Their 90 minutes in an east London park are expertly paced – they do play new songs but not ones to send punters to the bar. Tropic Morning News (Haversham) has the directness of U2, all buzzing guitars and insistent pace and the kind of lyric that allows everyone to feel seen – “I was suffering more than I let on … What happened to the wavelength we were on?” Then the new, surprise single, Weird Goodbyes – with Fleet Foxes’ Robin Pecknold taking the place of guest vocalist Justin Vernon – which is already greeted like an old friend.

But the casual fans are given their treats, rather than forced to munch through greens before getting dessert. A thrilling Bloodbuzz Ohio comes early in the set, offering the first singalong, albeit an unlikely lyric for mass communion: “I was carried to Ohio in a swarm of bees.” They indulge the sentimental with I Need My Girl and Pink Rabbits – the latter dedicated by singer Matt Berninger to his parents on their 55th wedding anniversary – love songs more lyrically direct than most of their oeuvre.

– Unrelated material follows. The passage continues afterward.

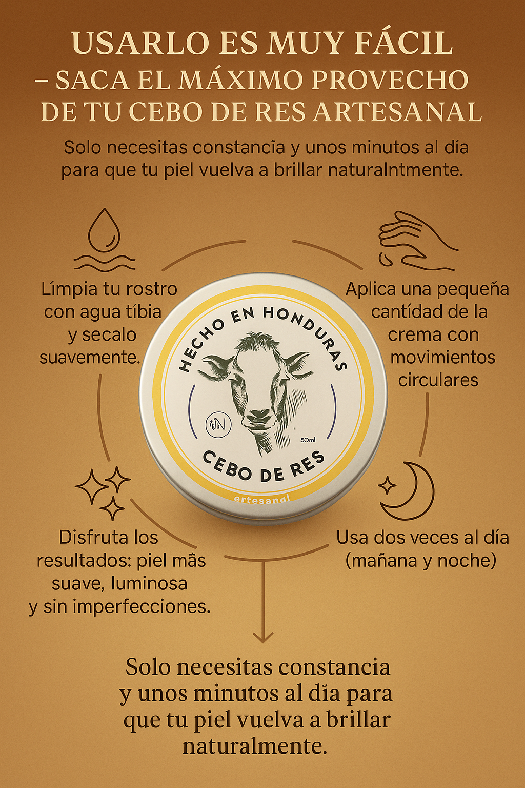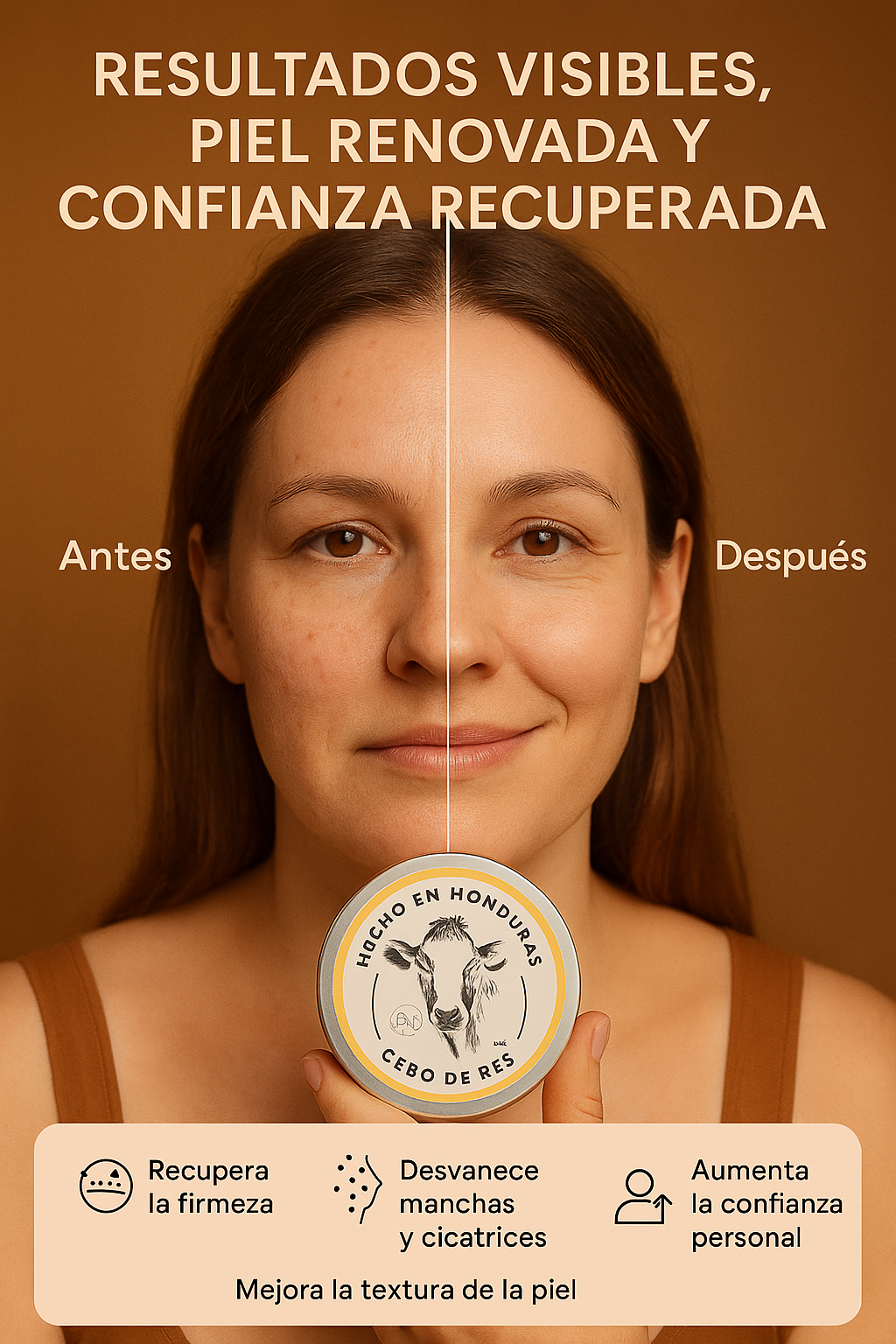 “Tenía la piel seca y con arruguitas finas. Después de usar el Cebo de Res artesanal por 15 días, mi cara luce más firme y con un brillo natural. Mi esposo me lo notó enseguida 😍.”

That said, 24 years into their career, there is sometimes a risk of the National flying on autopilot. It’s not surprising that Berninger no longer has the unpredictable anxiety he brought to the stage earlier in their career, but these days his mild contortions have the air of someone doing improv as an eccentric college professor giving a particularly thorny lecture on James Joyce.

And you could, if you wished, construct a National song by numbers: have Bryan Devendorf roll around his toms for a bit, while his brother Scott gets all stormy on bass; have Berninger offer some non-specific lyrics that signify profundity without actually meaning very much, then have the Dessners bring it all together for a rousing refrain. There is, really, quite a lot of that.

Still, they are so expert at what they do, and make such a clear and direct connection with those who love them, that it is impossible not to get carried away on waves of pleasure. They deserve to be an important group.